2b. Mixture of LoRA Experts (Per-Trait Modules)

FinePE (ScienceDirect 2026): - Assigns separate LoRA modules to each Big Five subtrait (60 subtraits total) - Gating mechanism learns optimal combination weights - 120K Q&A pairs across subtrait subsets - Achieves average induced scores of 4.91 (high) / 1.61 (low), outperforming second-best by 29% - Addresses the "granularity gap": standard SFT averages across traits, FinePE achieves fine-grained disentangled control - Key advantage over prompting: prompting suffers from "conflicting trait expression" when combining multiple traits

Fusian (arxiv 2603.15405): - Multi-LoRA fusion for fine-grained continuous MBTI personality control - Similar per-trait LoRA approach applied to MBTI framework instead of Big Five

2c. Iterative Batch SFT (Neuro-sama)

See neuro-sama.research.md for full analysis.

  • 2B parameter model, q2_k quantization
  • Training data from curated stream transcripts
  • Human-in-the-loop curation (Vedal manually selects data)
  • Deploy → collect → curate → retrain → deploy cycle
  • The only known production system doing iterative personality fine-tuning

Fine-Tuning Tradeoffs

Advantage Limitation
Overrides alignment layer (can produce behaviors prompts can't) Requires training data and GPU compute
Statistically valid personality profiles Catastrophic forgetting risk on retraining
Robust over long contexts Per-personality model or adapter needed
Human-like trait distributions (BIG5-CHAT) Less flexible than prompting (can't switch on the fly)

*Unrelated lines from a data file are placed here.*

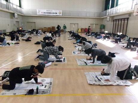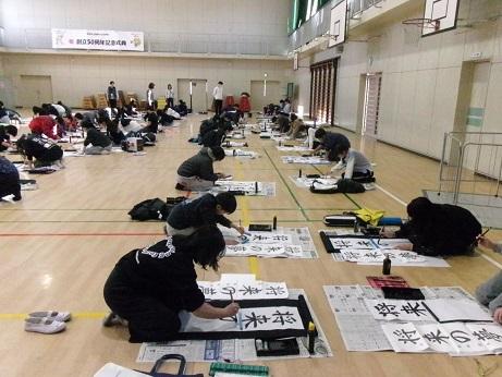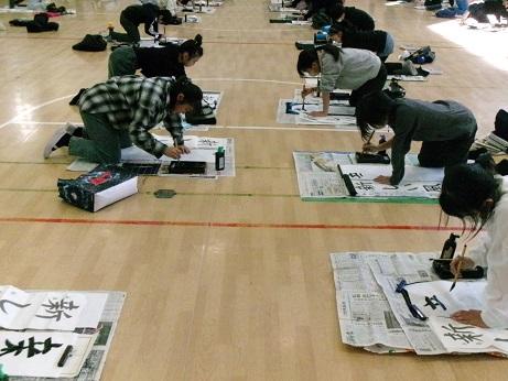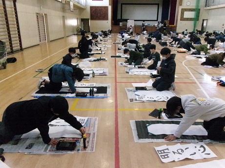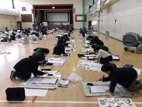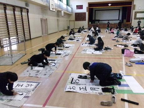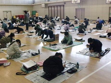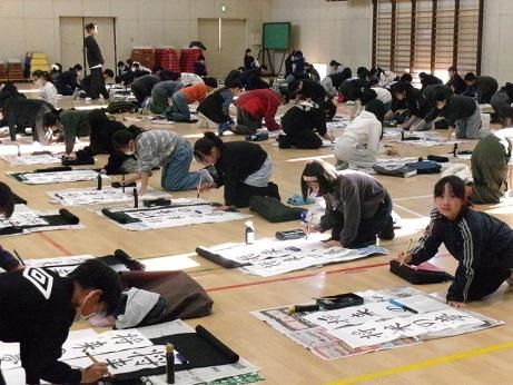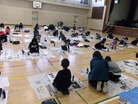 3年生以上は、体育館で毛筆の書き初めを行いました。
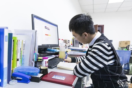 记者在仲恒工作室的桌子上看到了堆积如山的书籍和资料,仲恒向我们介绍这些都是一些与专业相关的论文献资料和学习英语的工具书。在他看来,作为刚刚步入科研领域的初学者,最需要的就是一种脚踏实地的态度,科学研究不可能一蹴而就,而是一个日积月累、循序渐进、由质变到量变的过程。他说他在一年的学习中总结出读论文是做科学研究中极其重要的一部分,你读了多少篇论文,很大程度上决定了你在这个研究方向能写出多少篇论文,你读的是什么级别的期刊论文,也会影响到你的论文能达到怎样的高度。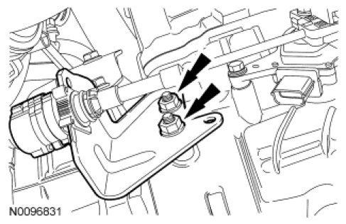 4. Remove the 2 transmission selector lever cable bracket nuts and position cable and bracket aside.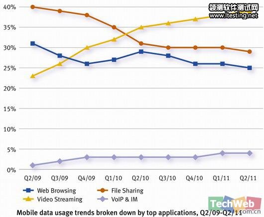 不同服务流量占比趋势(09年Q2至11年Q2)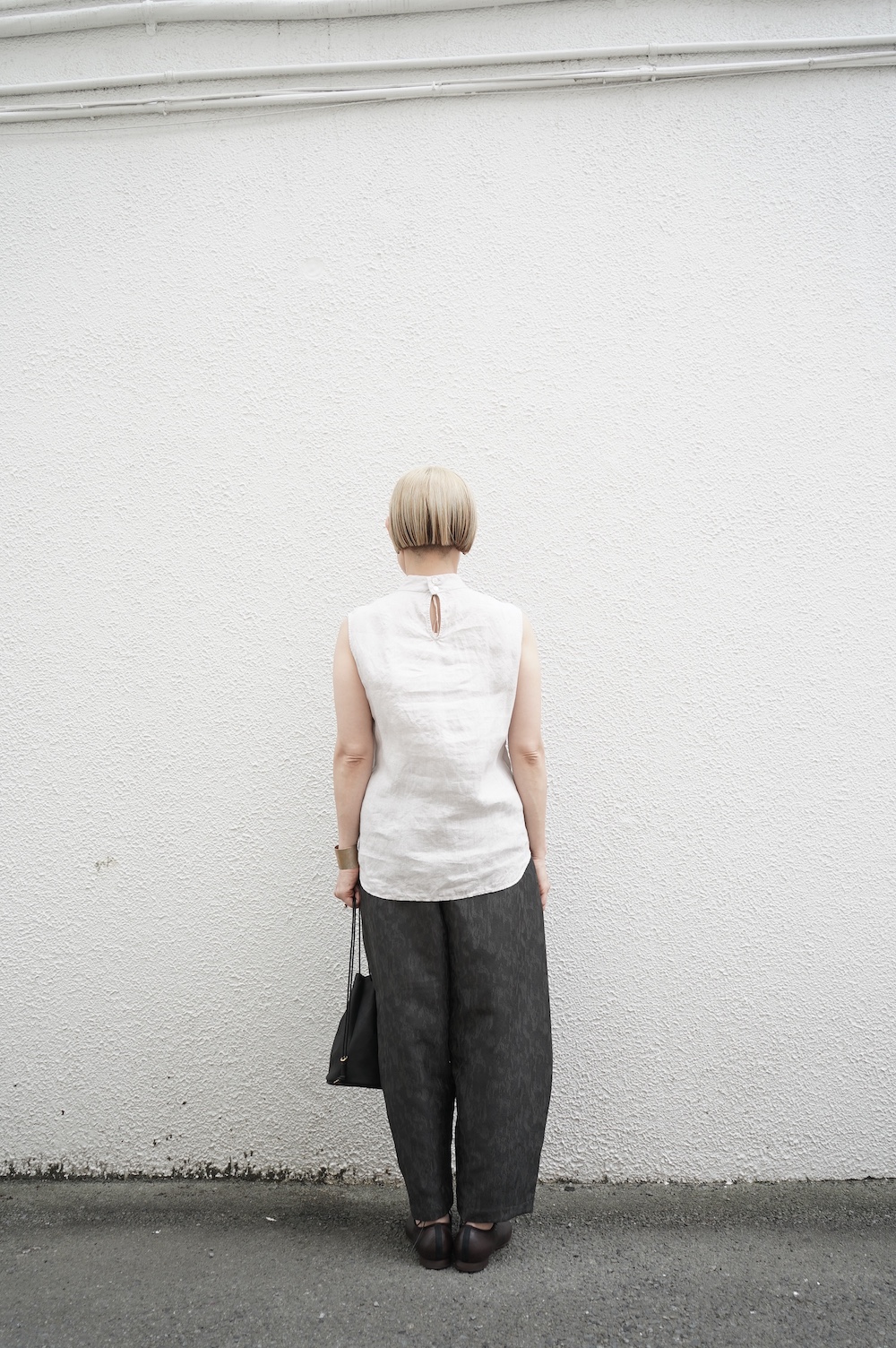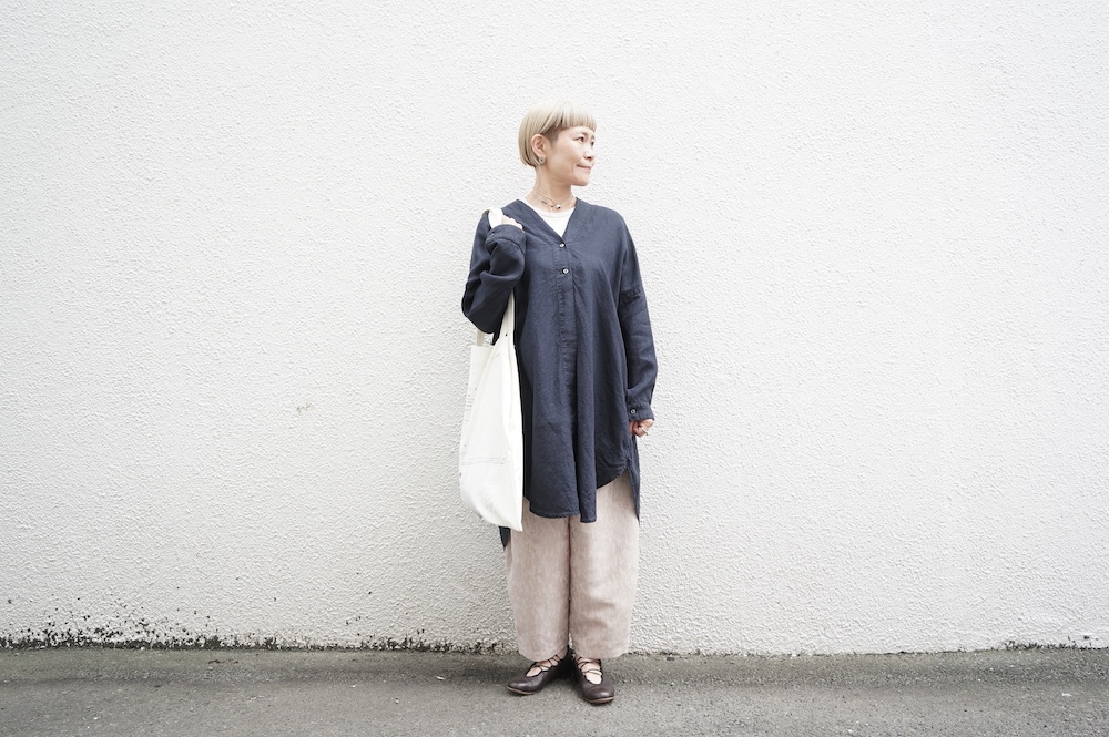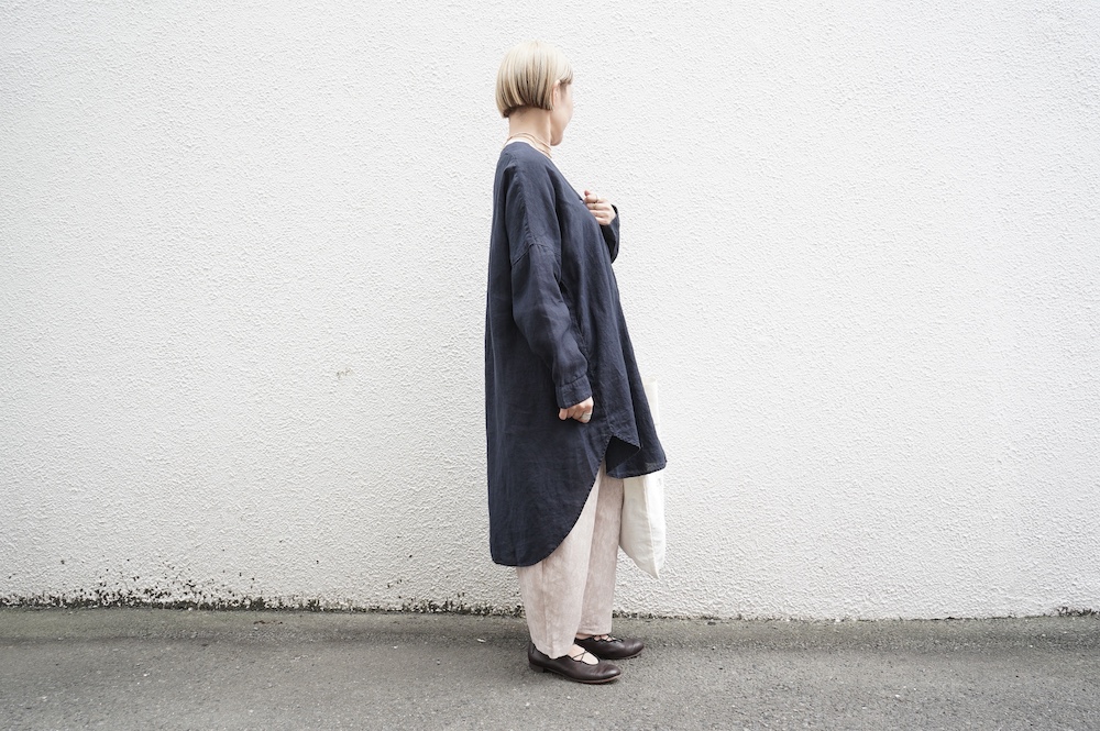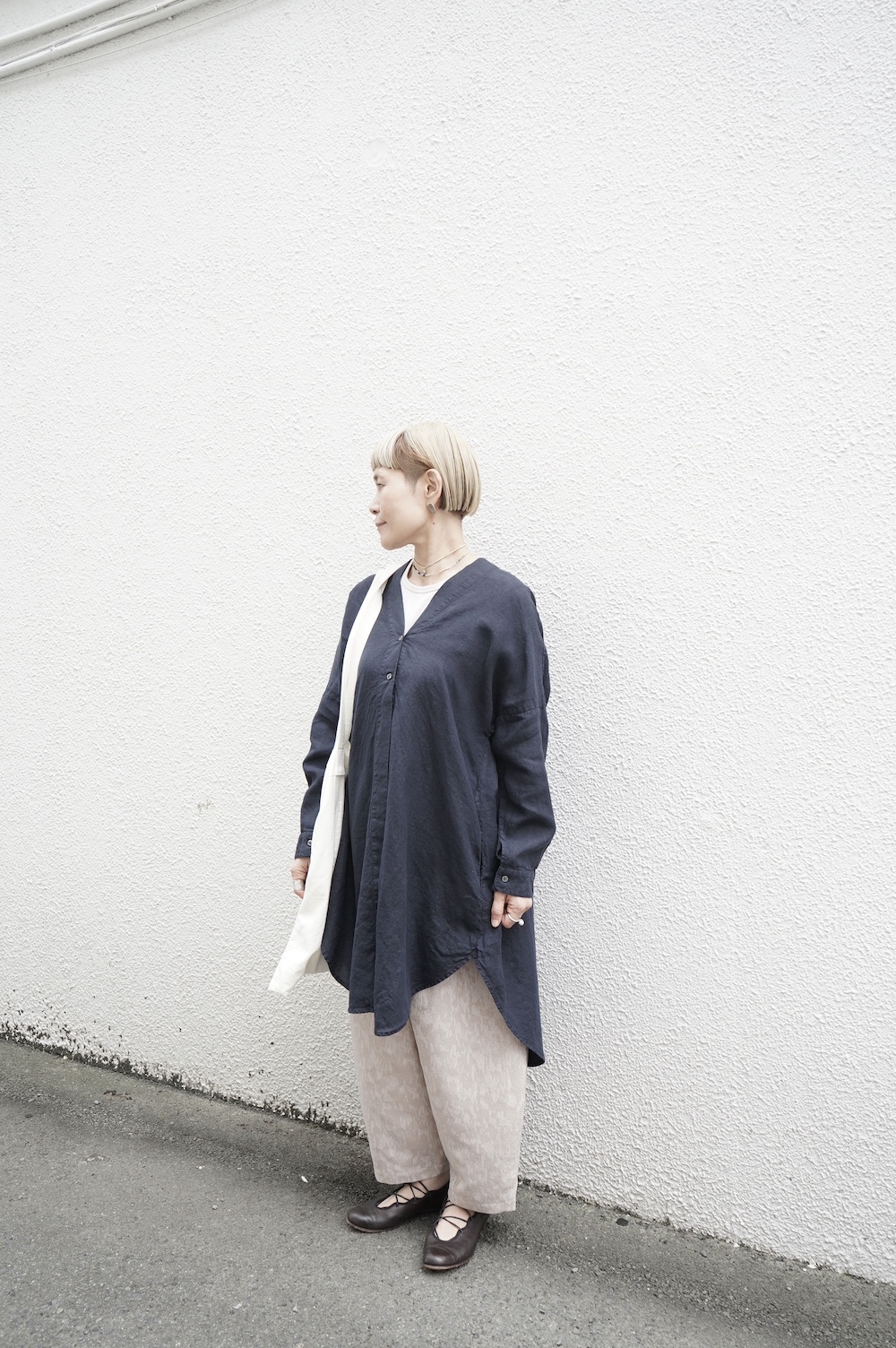 デザインは丸みのあるテーパードシルエットで、前後どちらを前にしても着用可能です。羽織ワンピースなどを重ねた際には、パッチポケットを前にしていただくとさりげなく便利です。透け感は多少ぼんやりと気にならない程度にございますので、ワンピースやチュニックなどの丈の長いものに合わせていただくのがメインですが、両色とも短いトップスでのスタイリングで撮影もしておりますので、ぜひ参考にしてみてください。

Paradigm 3: Activation Engineering

The newest approach. Manipulate internal activations at inference time — no prompt changes, no weight changes. This is the most surprising finding in this survey.

3a. PERSONA Framework (arxiv 2602.15669)

Method: Contrastive activation analysis. Generate responses under trait-expressing and trait-suppressing prompts. The persona vector = difference between mean activations.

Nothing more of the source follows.